2. **Access the application**:
   After running main.py, a local server will start, and you will see an interface URL in the terminal. Open the URL in your web browser to interact with Argmax Benchmark dashboard.

## Data Generation

The data generation process involves three main scripts: performance_generate.py, multilingual_generate.py, and quality_generate.py.

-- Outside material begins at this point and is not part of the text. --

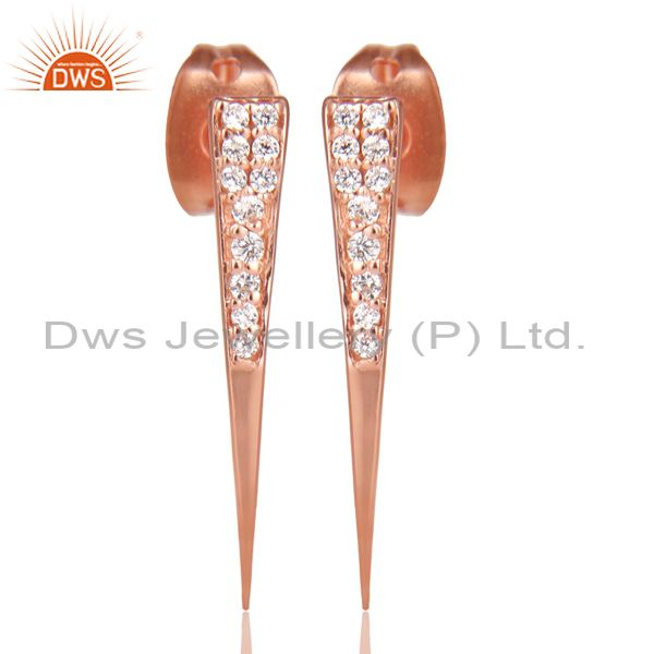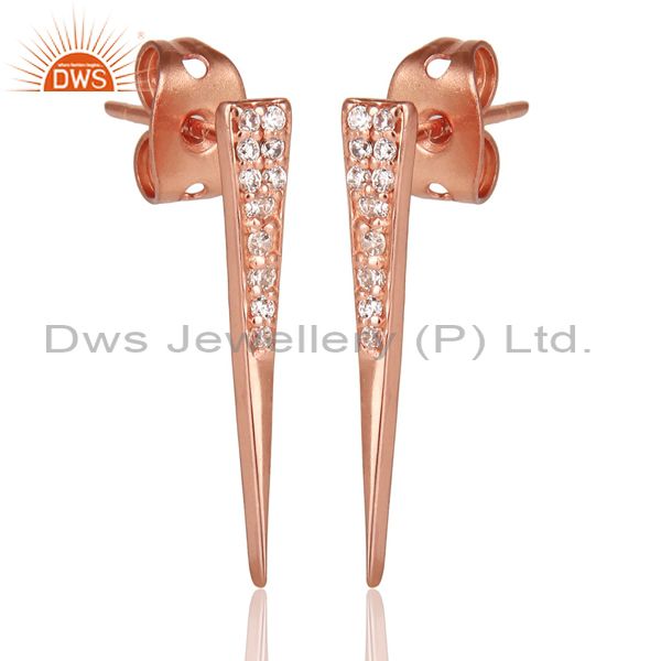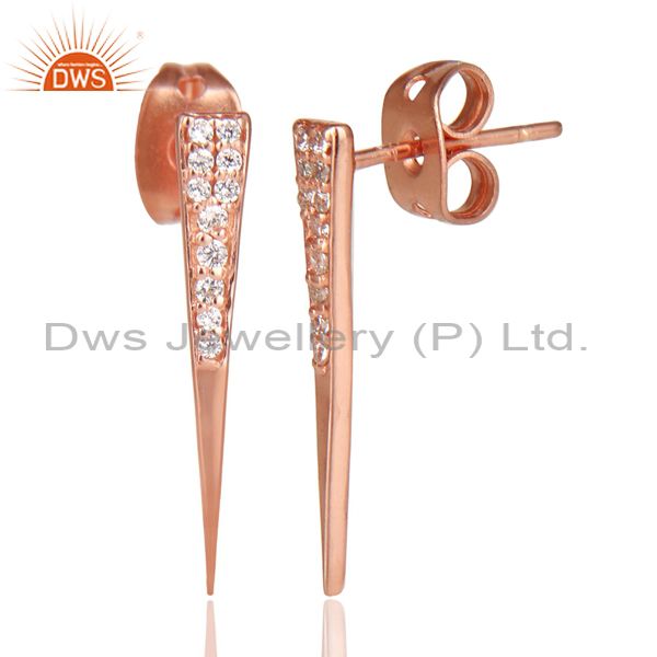 Cz Gemstone Stud 14K Rose Gold Plated 925 Sterling Silver Earrings Jewelry

Each script is responsible for updating a specific aspect of the benchmark data.

1. **Performance Data Update (performance_generate.py)**:

   - Downloads benchmark data from [WhisperKit Evals Dataset](https://huggingface.co/datasets/argmaxinc/whisperkit-evals-dataset).
   - Processes the data to extract performance metrics for various models, devices, and operating systems.
   - Calculates metrics such as speed, tokens per second for long and short-form data.
   - Saves the results in `performance_data.json` and `support_data.csv`.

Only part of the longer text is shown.